--- What you have to do ---
Before you return the entries below, strip out the pictures and keep all else exact.

--- Data records ---

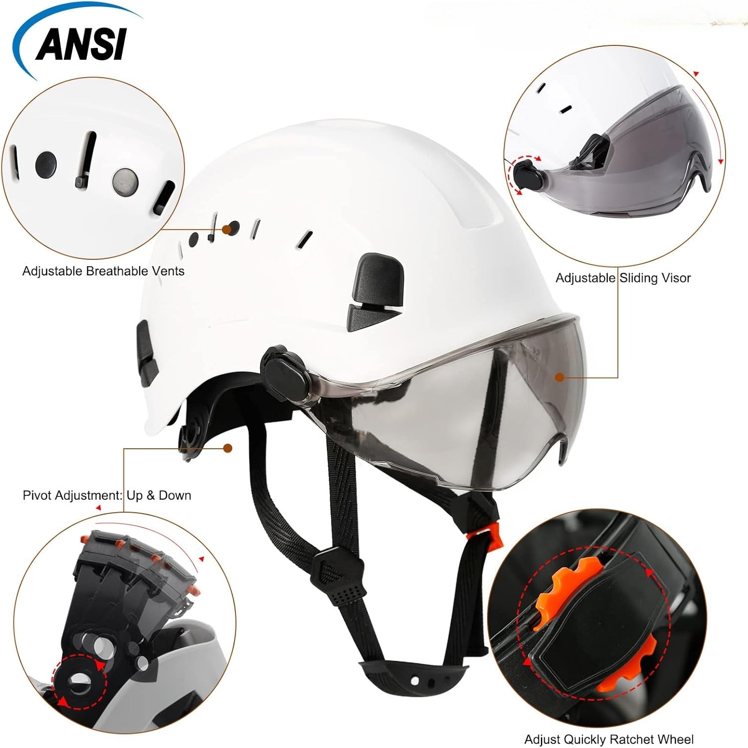 Safety Hard Hat with EPS Foam ANSI Z89.1 Approved ABS Helmet Retractable Visor SF-06B
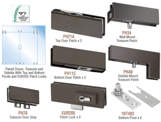 CRL Black Bronze Anodized European Patch Door Kit for Double Doors for Use with Fixed Transom and One Sidelite - With Lock
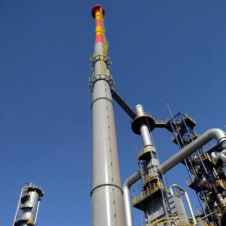 Available in four-column angle steel structure and three-column steel pipe structure, the chimney is secured with a clamp in the middle.
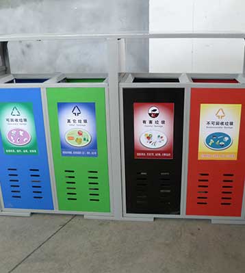 F139戶外鋼板四分類垃圾桶
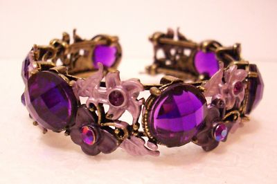 Title (ebay affiliate link): ANTIQUE STYLE PURPLE RHINESTONE CRYSTALS FLOWER BANGLE
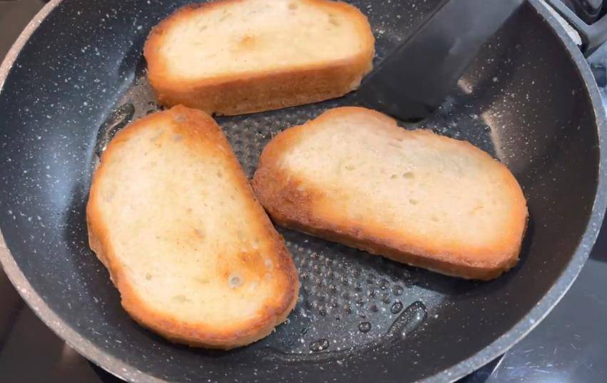 - Затем поджарьте хлеб в тостере или на сухой сковороде до хрустящей корочки.
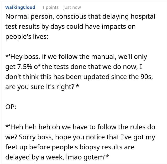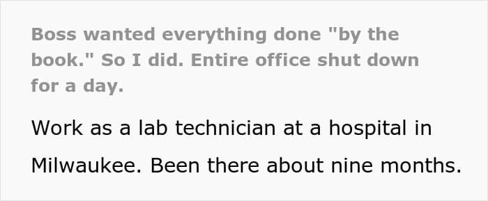 Cue frantic calls to leadership, compliance, and probably Derek’s therapist. The entire department had to shut down non-urgent testing until a new protocol was rushed through. Apparently, Derek hasn’t made eye contact with OP since, but at least one coworker honored the master of malicious compliance with a free coffee.
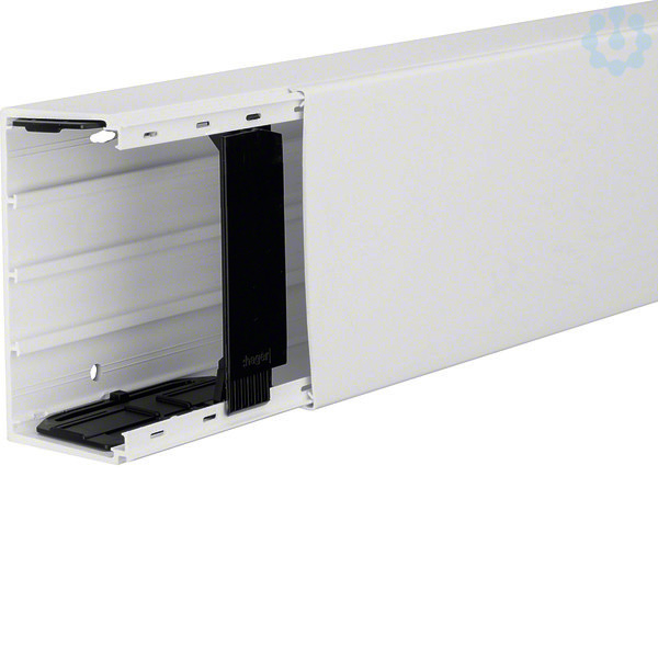 Leitungsführungskanal PVC witterungsbeständig/UV-stabil LFE 60x110mm reinweiß. Elektro-Installationskanal-System Leitungsführungskanal aus UV-stabilisiertem Kunststoff nach DIN EN 50085-1 zur Leitungsverlegung im Außenbereich. Kanalunterteil/-oberteil mit vorgestanzter Bodenlochung im Abstand von 125 mm mit vormontierten Kupplungen zur einfachen Ausrichtung bei Ein-Mann-Montage, vormontierte anstellbaren Rückhalteklammern und Trennwandeinbaumöglichkeit. Sicherer Deckelhalt nur mit Werkzeug zu öffnen. Erhöhte Schlagfestigkeit IK 10 gleichwertig. Hinweis: Schall- und Brandschutz-Maßnahmen sind fachgerecht auszuführen.
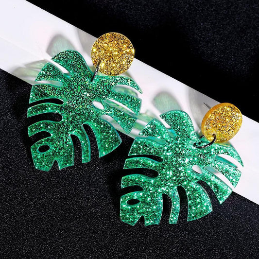 Trendy Tropical Plant Leaf Acrylic Drop Dangle Earrings Women Boho Green Monstera Jewelry
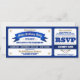 Fun, allstar baseball game ticket style birthday party invitation in your team or school colors of blue and gold or blue and white with gold accents.
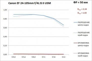 Переходим к 50 мм. На этом фокусном расстоянии дисторсия может быть выправлена полностью, но мы наблюдаем заметную «подушку» по горизонтали (Dгор = −1,02) и весьма заметную «подушку» по вертикали (Dвер = −2,16). В принципе это не очень страшно, но для «портретного» фокусного расстояния это многовато.
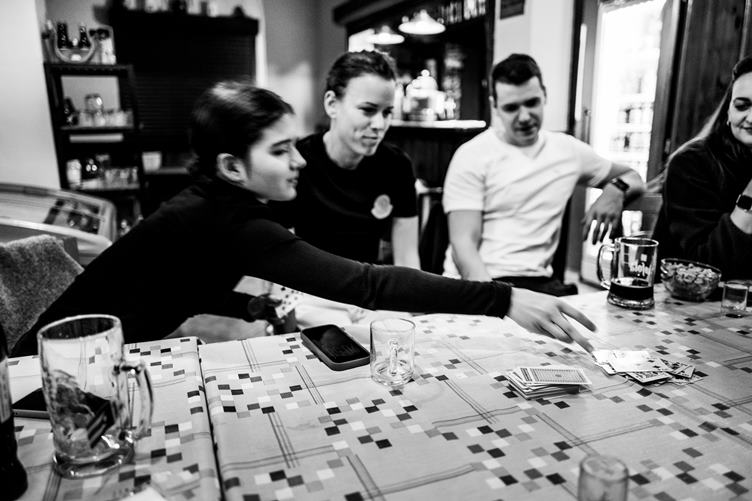 Ráno se Adámkovi nechce, tak jako každé ráno :-) Vyrážíme pěšky do Stříbrnice. Adámek nadšený z místních popelářů. Stelinka byla v prosinci se školou na lyžařském výcviku. Je z lyží nadšená a tak jí půjčujeme lyže a jezdí na dětském pásu. Zítra si budu muset vzít lyže taky, protože na ni dohlížel její bratranec Tomáš, ale ten má na starosti svoji dceru Káju. Já na sjezdovkách nestál cca 23 let... Cestou zpět potkáváme kousek Beskyd v Jeseníkách. Ke kafi cukroví z Vánoc. Adámek je nadšený z jeho bunkru, ke kterému stačila obyčejná deka. Chata má bazén. Děcka nadšené! Skvěle tu vaří! Večerní karty.
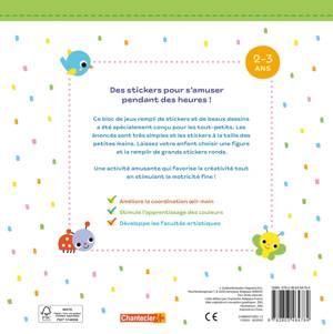 Laissez votre enfant s’amuser à faire des collages grâce à ce superbe livre d’autocollants, spécialement conçu pour les petites mains. Le concept est simple et super amusant : votre enfant choisit une page et il doit remplir le dessin de stickers ronds et colorés. Une chouette activité pour les tout-petits qui apprennent à reconnaître les couleurs et les formes.
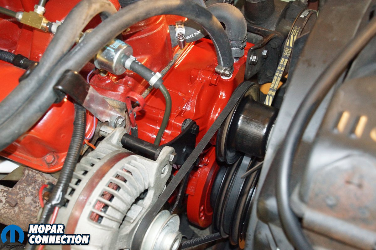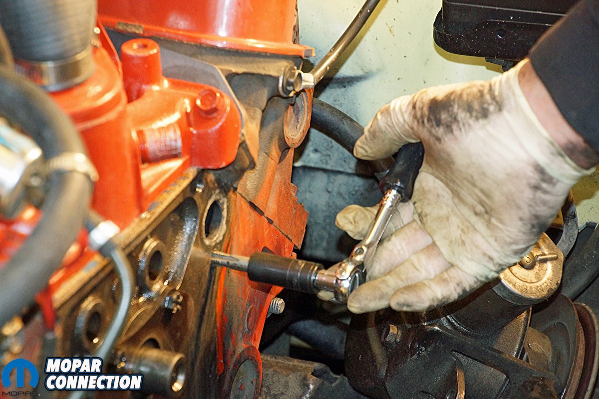 Above Left: Except for the alternator bolt, we cleaned and reused all the factory hardware. The alternator bolt was damaged (notched) from what looked like an overtightening of the alternator belt. This overtightened alternator belt could have been a contributor to the dyno test water pump failure as well. Above Right: The Cloyes timing chain tensioner installation proved to be worth the effort. At idle, the dial-back timing light strobe froze the harmonic TDC mark at 12° BTDC, and at 2800 rpm, the timing mark was stable at 36° BTDC. The timing was dead on and steady.

--- Answer space ---
 Safety Hard Hat with EPS Foam ANSI Z89.1 Approved ABS Helmet Retractable Visor SF-06B
 CRL Black Bronze Anodized European Patch Door Kit for Double Doors for Use with Fixed Transom and One Sidelite - With Lock
 Available in four-column angle steel structure and three-column steel pipe structure, the chimney is secured with a clamp in the middle.
 F139戶外鋼板四分類垃圾桶
 Title (ebay affiliate link): ANTIQUE STYLE PURPLE RHINESTONE CRYSTALS FLOWER BANGLE
 - Затем поджарьте хлеб в тостере или на сухой сковороде до хрустящей корочки.
 Cue frantic calls to leadership, compliance, and probably Derek’s therapist. The entire department had to shut down non-urgent testing until a new protocol was rushed through. Apparently, Derek hasn’t made eye contact with OP since, but at least one coworker honored the master of malicious compliance with a free coffee.
 Leitungsführungskanal PVC witterungsbeständig/UV-stabil LFE 60x110mm reinweiß. Elektro-Installationskanal-System Leitungsführungskanal aus UV-stabilisiertem Kunststoff nach DIN EN 50085-1 zur Leitungsverlegung im Außenbereich. Kanalunterteil/-oberteil mit vorgestanzter Bodenlochung im Abstand von 125 mm mit vormontierten Kupplungen zur einfachen Ausrichtung bei Ein-Mann-Montage, vormontierte anstellbaren Rückhalteklammern und Trennwandeinbaumöglichkeit. Sicherer Deckelhalt nur mit Werkzeug zu öffnen. Erhöhte Schlagfestigkeit IK 10 gleichwertig. Hinweis: Schall- und Brandschutz-Maßnahmen sind fachgerecht auszuführen.
 Trendy Tropical Plant Leaf Acrylic Drop Dangle Earrings Women Boho Green Monstera Jewelry
 Fun, allstar baseball game ticket style birthday party invitation in your team or school colors of blue and gold or blue and white with gold accents.
 Переходим к 50 мм. На этом фокусном расстоянии дисторсия может быть выправлена полностью, но мы наблюдаем заметную «подушку» по горизонтали (Dгор = −1,02) и весьма заметную «подушку» по вертикали (Dвер = −2,16). В принципе это не очень страшно, но для «портретного» фокусного расстояния это многовато.
 Ráno se Adámkovi nechce, tak jako každé ráno :-) Vyrážíme pěšky do Stříbrnice. Adámek nadšený z místních popelářů. Stelinka byla v prosinci se školou na lyžařském výcviku. Je z lyží nadšená a tak jí půjčujeme lyže a jezdí na dětském pásu. Zítra si budu muset vzít lyže taky, protože na ni dohlížel její bratranec Tomáš, ale ten má na starosti svoji dceru Káju. Já na sjezdovkách nestál cca 23 let... Cestou zpět potkáváme kousek Beskyd v Jeseníkách. Ke kafi cukroví z Vánoc. Adámek je nadšený z jeho bunkru, ke kterému stačila obyčejná deka. Chata má bazén. Děcka nadšené! Skvěle tu vaří! Večerní karty.
 Laissez votre enfant s’amuser à faire des collages grâce à ce superbe livre d’autocollants, spécialement conçu pour les petites mains. Le concept est simple et super amusant : votre enfant choisit une page et il doit remplir le dessin de stickers ronds et colorés. Une chouette activité pour les tout-petits qui apprennent à reconnaître les couleurs et les formes.
 Above Left: Except for the alternator bolt, we cleaned and reused all the factory hardware. The alternator bolt was damaged (notched) from what looked like an overtightening of the alternator belt. This overtightened alternator belt could have been a contributor to the dyno test water pump failure as well. Above Right: The Cloyes timing chain tensioner installation proved to be worth the effort. At idle, the dial-back timing light strobe froze the harmonic TDC mark at 12° BTDC, and at 2800 rpm, the timing mark was stable at 36° BTDC. The timing was dead on and steady.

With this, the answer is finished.